Consider the signal x(t) shown in the figure. Let h(t) denote the impulse response of the filter matched to x(t), with h(t) being non-zero only in the interval 0 to 4 sec. The slope of h(t) in the interval 3 greater than t greater than 4 sec is

• A. 0.5 sec\(^{-1}\)
• B. -0.5 sec\(^{-1}\)
• C. 1 sec\(^{-1}\)
• D. -1 sec\(^{-1}\)

Hint:

The impulse response of a matched filter, \(h(t) = x(T-t)\), is graphically obtained by taking the original signal \(x(t)\), flipping it horizontally (time-reversal to get \(x(-t)\)), and then shifting it to the right by T (to get \(x(-(t-T)) = x(T-t)\)). The slope of any segment in \(h(t)\) will be the negative of the slope of the corresponding original segment in \(x(t)\).

Answer 1

The Correct Option is D

Step 1: Recall the definition of a matched filter's impulse response.

The impulse response \(h(t)\) of a filter matched to a signal \(x(t)\), non-zero over \([0, T]\), is: \[ h(t) = x(T - t) \] Here, \(T = 4\) s. So: \[ h(t) = x(4 - t) \]

Step 2: Determine the corresponding interval in \(x(t)\).

We need the slope of \(h(t)\) in \(3 < t < 4\). Let \(\tau = 4 - t\). Then: \[ t = 3 \Rightarrow \tau = 1, \quad t = 4 \Rightarrow \tau = 0 \] So the interval \(3 < t < 4\) for \(h(t)\) corresponds to \(0 < \tau < 1\) for \(x(\tau)\).
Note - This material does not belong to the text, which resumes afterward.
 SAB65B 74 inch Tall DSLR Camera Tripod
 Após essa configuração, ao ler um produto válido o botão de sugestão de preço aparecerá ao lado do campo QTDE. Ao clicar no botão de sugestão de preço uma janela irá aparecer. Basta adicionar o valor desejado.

Step 3: Slope of \(x(t)\) in the interval \(0 < t < 1\).

From the signal graph, \(x(t)\) rises from 0 to 1 in this interval. Therefore: \[ \text{Slope of } x(t) = \frac{1 - 0}{1 - 0} = 1 \]

Step 4: Relate the slope of \(h(t)\) to \(x(t)\).
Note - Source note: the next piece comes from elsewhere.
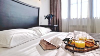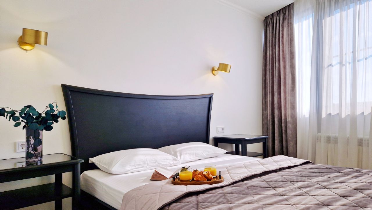 Утюг, фен, пылесос, постельное бельё, полотенца, средства личной гигиены.

Using the chain rule: \[ h(t) = x(4 - t) \Rightarrow \frac{d}{dt} h(t) = x'(4 - t) \cdot (-1) \] Thus: \[ m_h(t) = - m_x(4 - t) \] For \(t \in (3, 4)\), \(m_x(4 - t) = m_x(\tau) = 1\). Therefore: \[ m_h = -1 \]

Answer: The slope of \(h(t)\) in the interval \(3 < t < 4\) is \(-1\), which corresponds to option (D).